À 16h56, la jeune femme est descendue difficilement jusqu'à la voiture, incapable de bouger ou de marcher. Pendant le trajet vers la polyclinique Saint-Roch, elle s'affaiblit de plus en plus. "Elle répète : 'Je vois tout blanc, j’ai le corps en feu, je vais mourir', puis elle perd connaissance", se souvient son amie. Prise en charge par les urgentistes à 17h30, la jeune femme est transférée en urgence absolue au CHU de Montpellier, où elle décède peu après.

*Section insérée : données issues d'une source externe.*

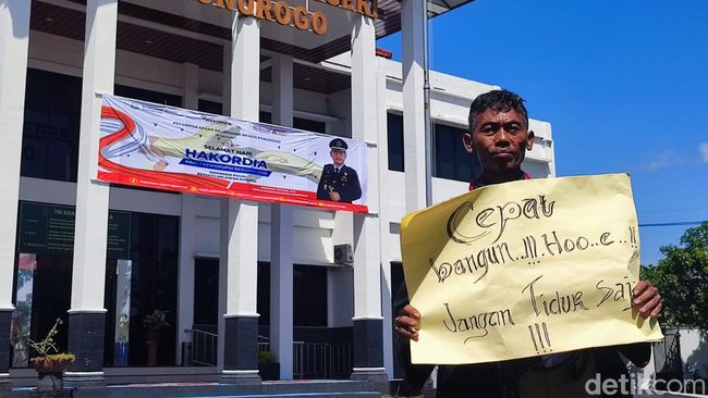 Dalam aksinya, pria 55 tahun itu membentangkan poster bertuliskan 'Cepat bangun hoe! Jangan tidur saja'. Poser itu dimaksudkan agar Kejari Ponorogo tegas memberantas kasus korupsi.
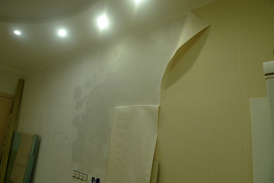 С ресурсами сейчас не очень (надо подождать), поэтому делаю своими силами, что могу. Выровнить стены быстро не могу, вроде сделала...зашкурила, но снова эти завалы. Стена еще полностью должна остаться свободной, то есть на ней видно все. Поэтому вчера ночью отодрала и снова выравниваю. Она стала даже беленькой.
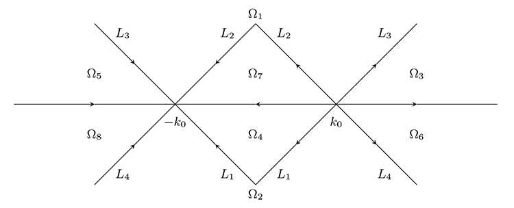 (2.26) $\begin{aligned}S_{11}(k)&=1-{\rm i}ck-\frac{c^{2}}{2}k^{2}+O(k^{3}), \quad k\to0,\\S_{22}(k)&=1+{\rm i}ck-\frac{c^{2}}{2}k^{2}+O(k^{3}), \quad k\to0,\end{aligned}$
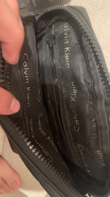 - Внутри подкладка с логотипами Calvin Klein и дополнительный карман на молнии + открытые секции для мелочей.
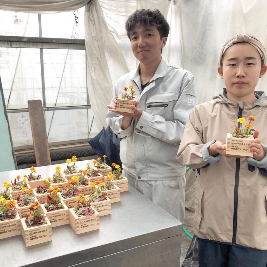 1年生の花き生産実習で、枡マイクロ寄せ植えを制作しました。
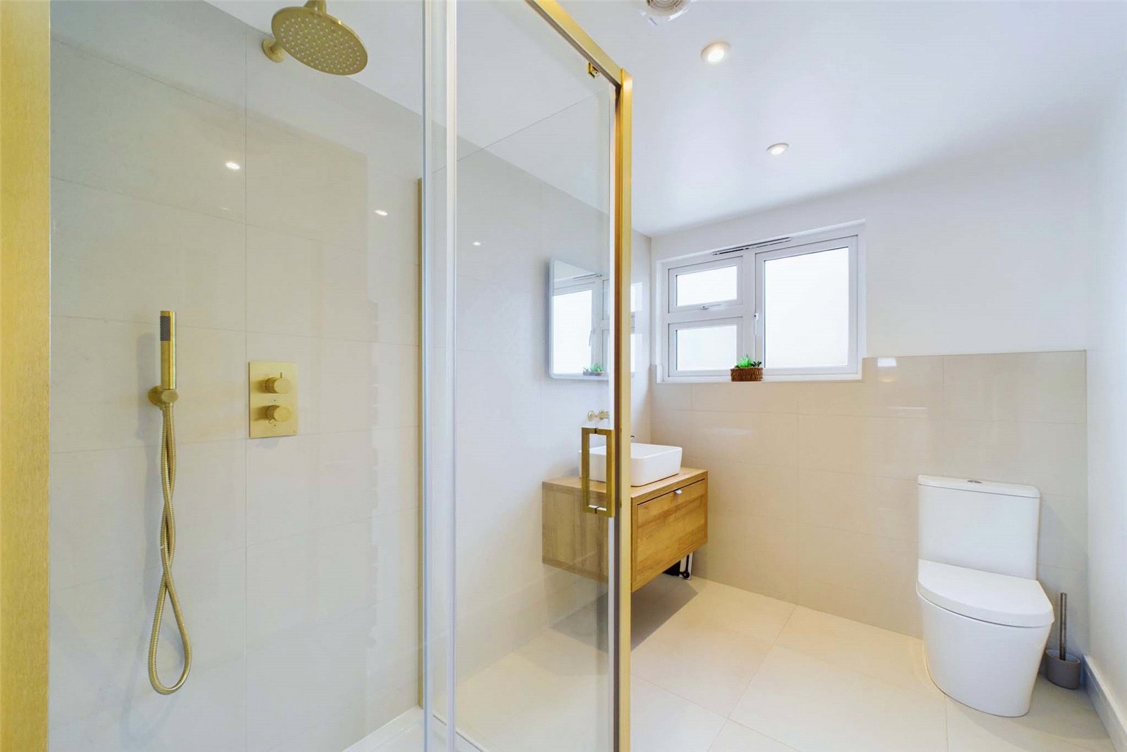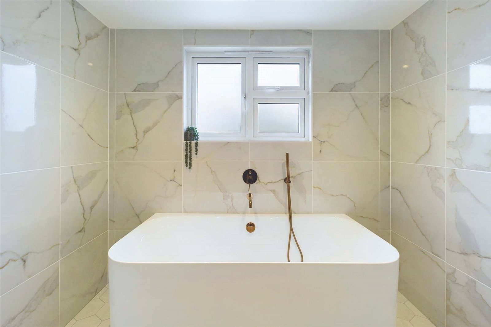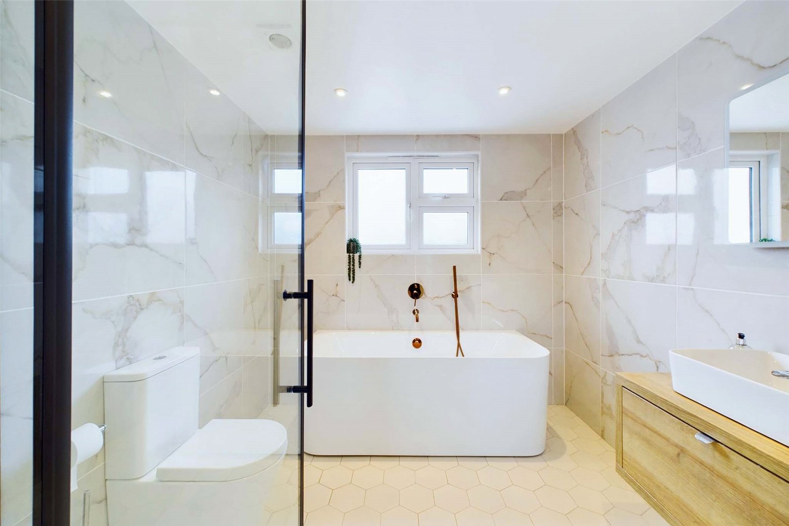 Featuring a roll top bath with wall-mounted mixer, bath spout and shower tap in rose gold, the family bathroom makes a real statement. It also benefits from a separate walk in corner shower, a floating vanity unit with countertop sink and wall mounted mixer, a low level wc and a heated towel rail.
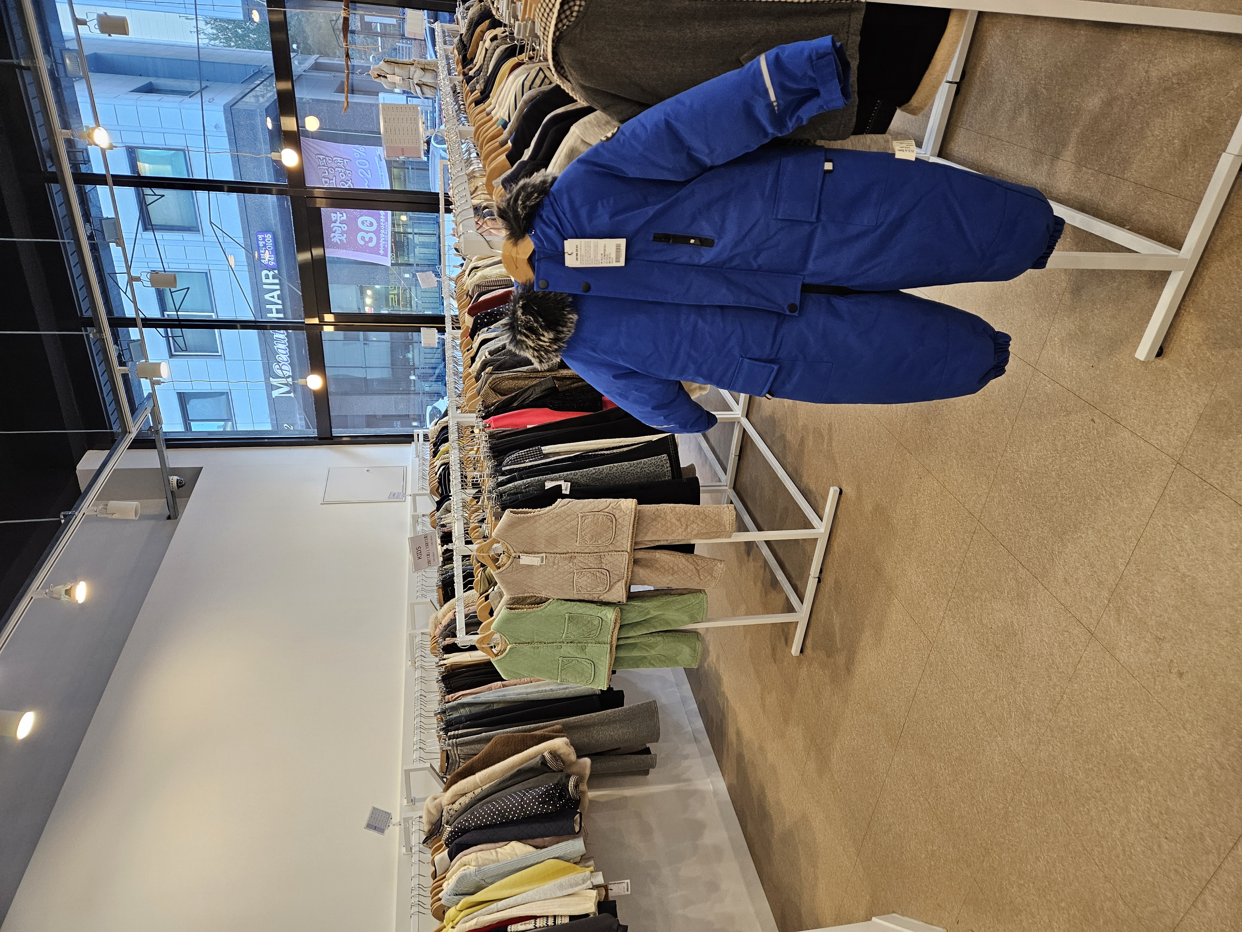 아무래도 겨울이다보니 패딩과 패딩바지 같은 겨울 옷들이 많이 진열되어 있었다.

Les parents de la victime ont déposé plainte pour homicide involontaire. Une enquête préliminaire a été ouverte par le parquet de Montpellier et une autopsie a révélé que la jeune femme est morte d’une méningite aiguë, une infection qui n’a pas été diagnostiquée à temps. Les bandes sonores des appels aux services d'urgence ont été saisies par la police. "Les enregistrements confirment que toutes mes alertes n’ont pas été prises en compte, c’est vraiment accablant", assure l’amie de la victime.

L'agent régulateur ayant reçu les appels suspendu

Dans un communiqué publié ce vendredi soir, le CHU de Montpellier a exprimé sa "profonde tristesse" et ses "sincères condoléances à la famille et aux proches de cette jeune patiente". La direction de l’hôpital a annoncé l’ouverture d’une enquête interne et s’est engagée à fournir en toute transparence "les précisions nécessaires à la compréhension des circonstances exactes du décès". "Plusieurs mesures ont déjà été prises au sein de l’établissement", précise le CHU. L'Agence régionale de santé (ARS) d'Occitanie a également déclenché une inspection.

Le SAMU et le CHU ont suspendu à titre conservatoire l’assistant régulateur ayant pris les appels de la victime. "Il ne faut absolument plus que ce genre de situation se reproduise. Comme la famille, terrassée par ce décès brutal, je souhaite ardemment que ces effrayants dysfonctionnements ayant conduit à la mort injuste d’une femme de 25 ans soient analysés, décortiqués pour que ça n’arrive plus jamais", affirme l’amie de la victime, dénonçant par ailleurs les "détails du drame encore troubles" avancés par le CHU. Elle ajoute : "Lire cela dans le communiqué du CHU est honteux, c’est faux, on sait ce qui s’est passé et pourquoi elle est morte", et de conclure : "Avoir été impuissante à la sauver me torture tous les jours".